Nachruf Dr. Paul Irion gestorben

Dr. Paul Irion ist am Dreikönigstag im Alter von 88 Jahren gestorben.
Dr. Paul Irion ist am Dreikönigstag im Alter von 88 Jahren gestorben. © Foto: Archiv
Reutlingen / swp 10.01.2018

Der ehemalige Präsident des SSV Reutlingen, langjährige Fraktionsvorsitzende der Freien Wählervereinigung im Reutlinger Gemeinderat, und langjährige Geschäftsführer der IHK Reutlingen, Dr. Paul Irion, ist am Dreikönigstag im 89. Lebensjahr gestorben.

Geboren wurde Irion am 14. Mai 1929 in Mühlheim/Donau. Nach dem Besuch des Tuttlinger Gymnasiums schlug er die Notariatslaufbahn ein und studierte an der Uni Tübingen Jura, promovierte dort 1960. Es folgte eine Anwalts- und Notariatstätigkeit in Reutlingen, neun Jahre leitete Irion das Büro von FDP-Wirtschaftsminister Dr. Eduard Leuze. 1969 wechselte der Jurist an die Industrie- und Handelskammer Reutlingen, übernahm die Leitung der Rechts- und Außenwirtschaftsabteilung. 1974 wurde er zum Geschäftsführer bestellt. 1994 ging er in Ruhestand.

Irion war auch aktiver Sportler, holte elf Mal das Goldene Sportabzeichen und die Goldene Mehrkampfnadel. Seit 1964 war er Mitglied beim SSV Reutlingen und gleich bis 1969 stellvertretender Vorsitzender. 1970 übernahm er den Vorsitz von Landrat Hans Kern. Irion organisierte die SSV-Bälle, gründete 1973 die Tennis-Abteilung des SSV. 1974 gründete er mit Robert Kaupp die ARS (Arbeitsgemeinschaft Reutlinger Sportvereine). Dort war er bis 1982 Vorsitzender. Paul Irion organisierte auch den jährlichen Reutlinger Sportlerball. Der Jurist war Ehrenmitglied des SSV, war 1968 mit der goldenen Hans-Kern-Medaille ausgezeichnet worden. 1970 war er es, „der beim Testspiel gegen den FC Bayern München Franz Beckenbauer, Sepp Maier und Gerd Müller die Hand schütteln durfte“, erinnert sich ein Sportexperte.
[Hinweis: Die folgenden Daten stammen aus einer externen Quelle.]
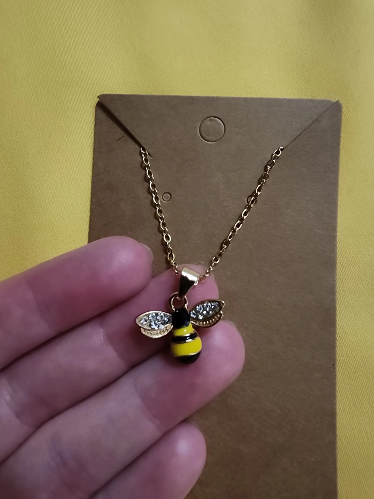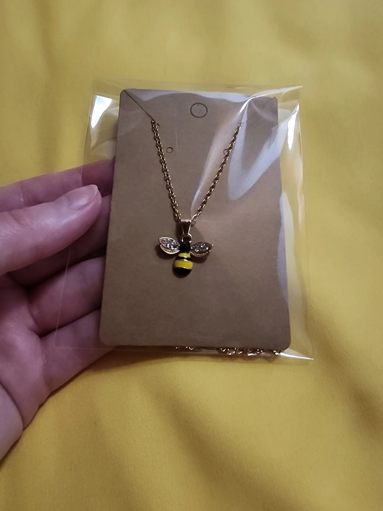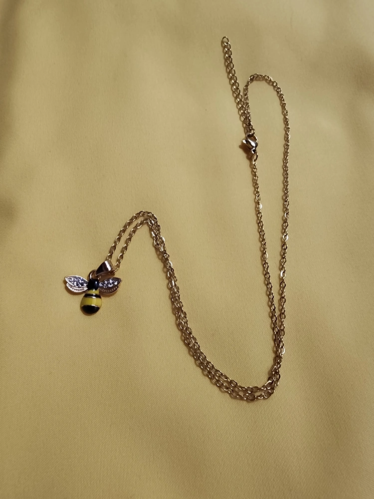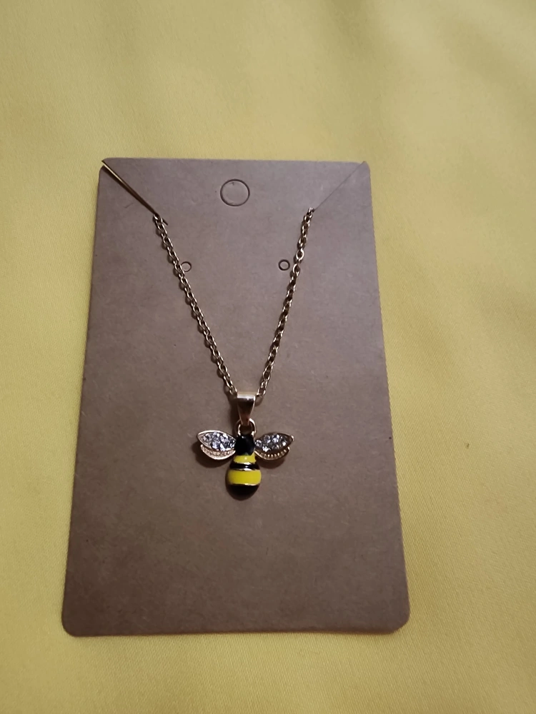 Cute bee pendant necklace with gold plated chain. Brand new and ready for its new home! This would make a great gift for any bee lover. Pick up in Shaganappi sw.
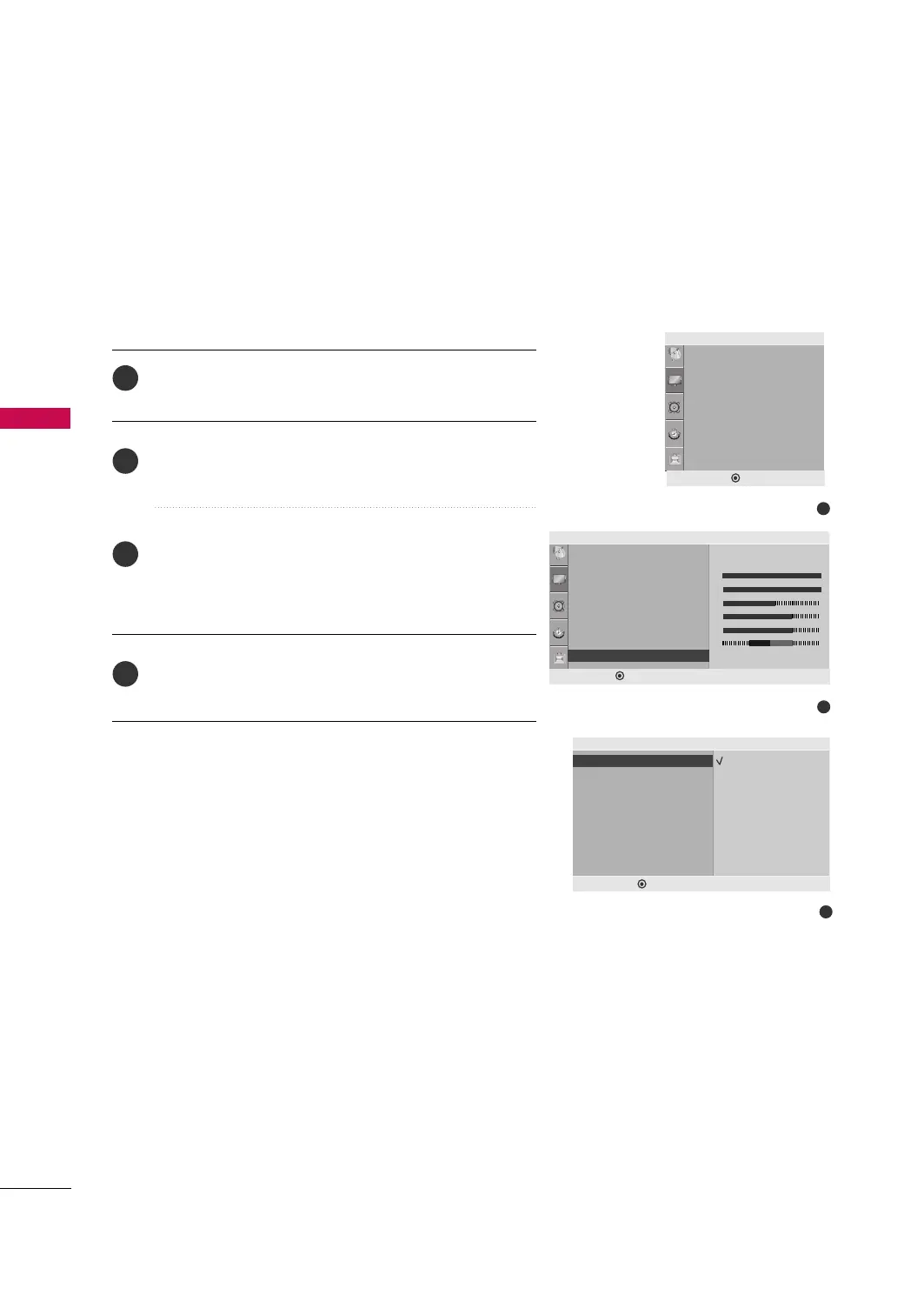 To reset to the factory default screen after making adjustments to each video mode, execute the “Picture

In der Kommunalpolitik galt Irion als Mann der leisen Töne und des scharfen Verstands. 1971 wurde er für die FWV in den Gemeinderat gewählt, seine Wiederwahlen machten ihn zum Stimmenkönig der Freien Wähler. Zwölf Jahre lang führte er die Fraktion und schied 1987 aus. Für seine Verdienste um die Stadt wurde Irion 1987 mit der Bürgermedaille ausgezeichnet. Er gehörte zudem seit 1976 dem Aufsichtsrat der Volksbank an und einigen Stiftungen.